On Fri, Mar 29, 2019 at 12:41 AM Mehdi AMINI <joker.eph at gmail.com> wrote:
>
> Hi Eric,
>
> On Thu, Mar 28, 2019 at 7:09 PM Eric Christopher via llvm-dev <llvm-dev at lists.llvm.org> wrote:
>>
>> Hi All,
>>
>> I’ve been thinking about both O1 and Og optimization levels and have a
>> proposal for an improved O1 that I think overlaps in functionality
>> with our desires for Og. The design goal is to rewrite the O1
>> optimization and code generation pipeline to include the set of
>> optimizations that minimizes build and test time while retaining our
>> ability to debug.
>
>
> That would be nice: how do you distinguish O1 and Og with this view? (which from your list would / wouldn't be included in Og?)
>

As a first pass I'd just make them identical, but there's a lot of
work around statistics collecting (I'll refer you to Greg and Paul's
emails as well) before saying "this is 'done'".

>>
>>
>> This isn’t to minimize efforts around optimized debugging or negate O0
>> builds, but rather to provide a compromise mode that encompasses some
>> of the benefits of both. In effect to create a “build mode for
>> everyday development”.
>>
>> This proposal is a first approximation guess on direction. I’ll be
>> exploring different options and combinations, but I think this is a
>> good place to start for discussion. Unless there are serious
>> objections to the general direction I’d like to get started so we can
>> explore and look at the code as it comes through review.
>>
>>
>> Optimization and Code Generation Pipeline
>>
>> The optimization passes chosen fall into a few main categories,
>> redundancy elimination and basic optimization/abstraction elimination.
>> The idea is that these are going to be the optimizations that a
>> programmer would expect to happen without affecting debugging.
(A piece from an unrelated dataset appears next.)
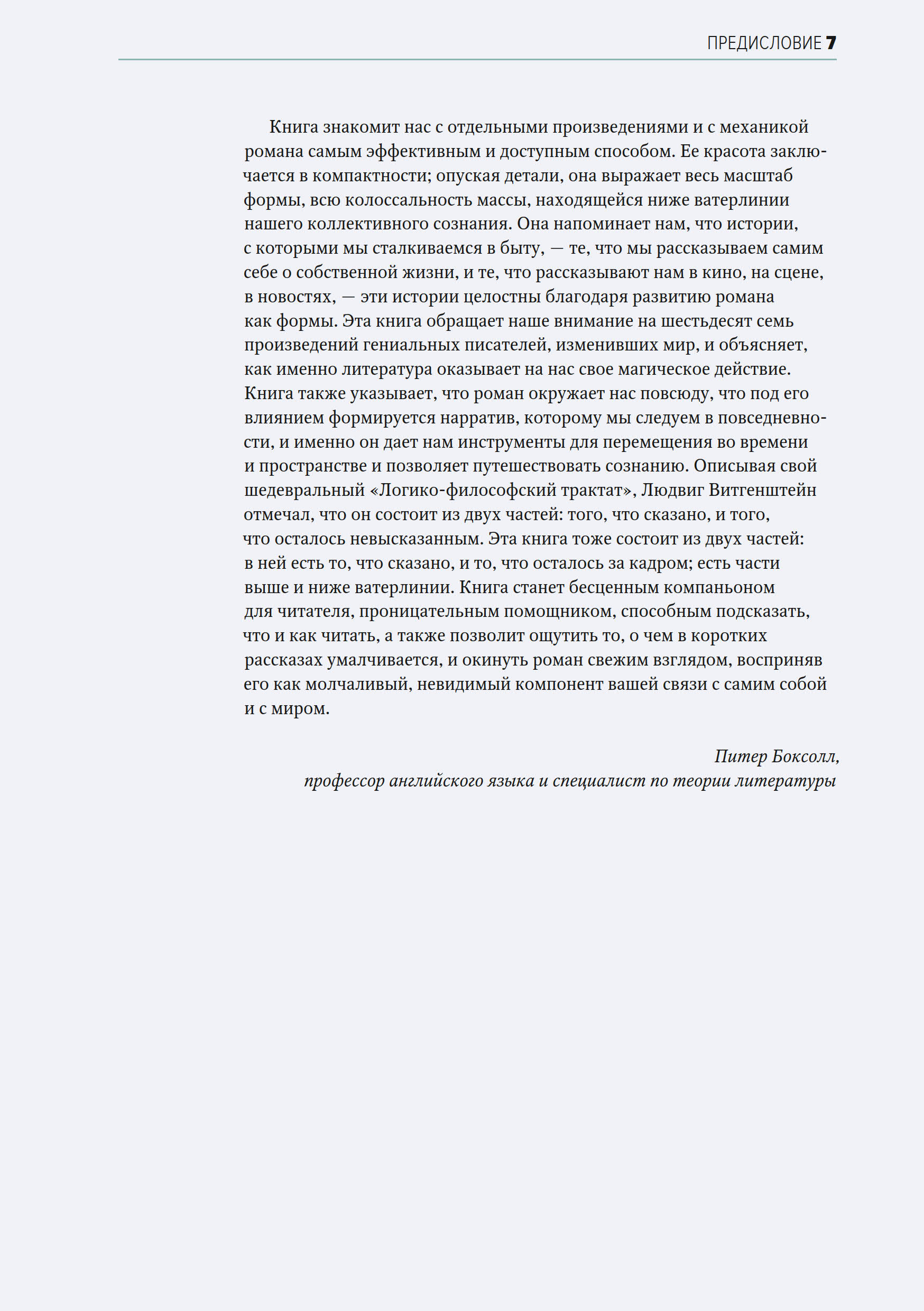 Книга станет бесценным компаньоном, проницательным помощником, способным подсказать, что и как читать, а также позволит окинуть роман свежим взглядом, восприняв его как молчаливый, невидимый компонент нашей связи с самим собой и с миром.

This
>> means not eliminating redundant calls or non-redundant loads as those
>> could fail in different ways and locations while executing.  These
>> optimizations will also reduce the overall amount of code going to the
>> code generator helping both linker input size and code generation
>> speed.
>>
>> Dead code elimination
>>
>>  - Dead code elimination (ADCE, BDCE)
>>  - Dead store elimination
>>  - Parts of CFG Simplification
>>  - Removing branches and dead code paths and not including commoning
>> and speculation
>>
>> Basic Scalar Optimizations
>>
>>  - Constant propagation including SCCP and IPCP
>>  - Constant merging
>>  - Instruction Combining
>>  - Inlining: always_inline and normal inlining passes
>>  - Memory to register promotion
>>  - CSE of “unobservable” operations
>>  - Reassociation of expressions
>>  - Global optimizations - try to fold globals to constants
>>
>> Loop Optimizations
>>
>> Loop optimizations have some problems around debuggability and
>> observability, but a suggested set of passes would include
>> optimizations that remove abstractions and not ones that necessarily
>> optimize for performance.
>>
>>  - Induction Variable Simplification
>>  - LICM but not promotion
>>  - Trivial Unswitching
>>  - Loop rotation
>>  - Full loop unrolling
>>  - Loop deletion
>
>
> That is already a pretty good list. I would find interesting if we know the opposite list: the passes that we should not include for speed and debugaibility? Vectorizer? Unrolling? Jump Threading?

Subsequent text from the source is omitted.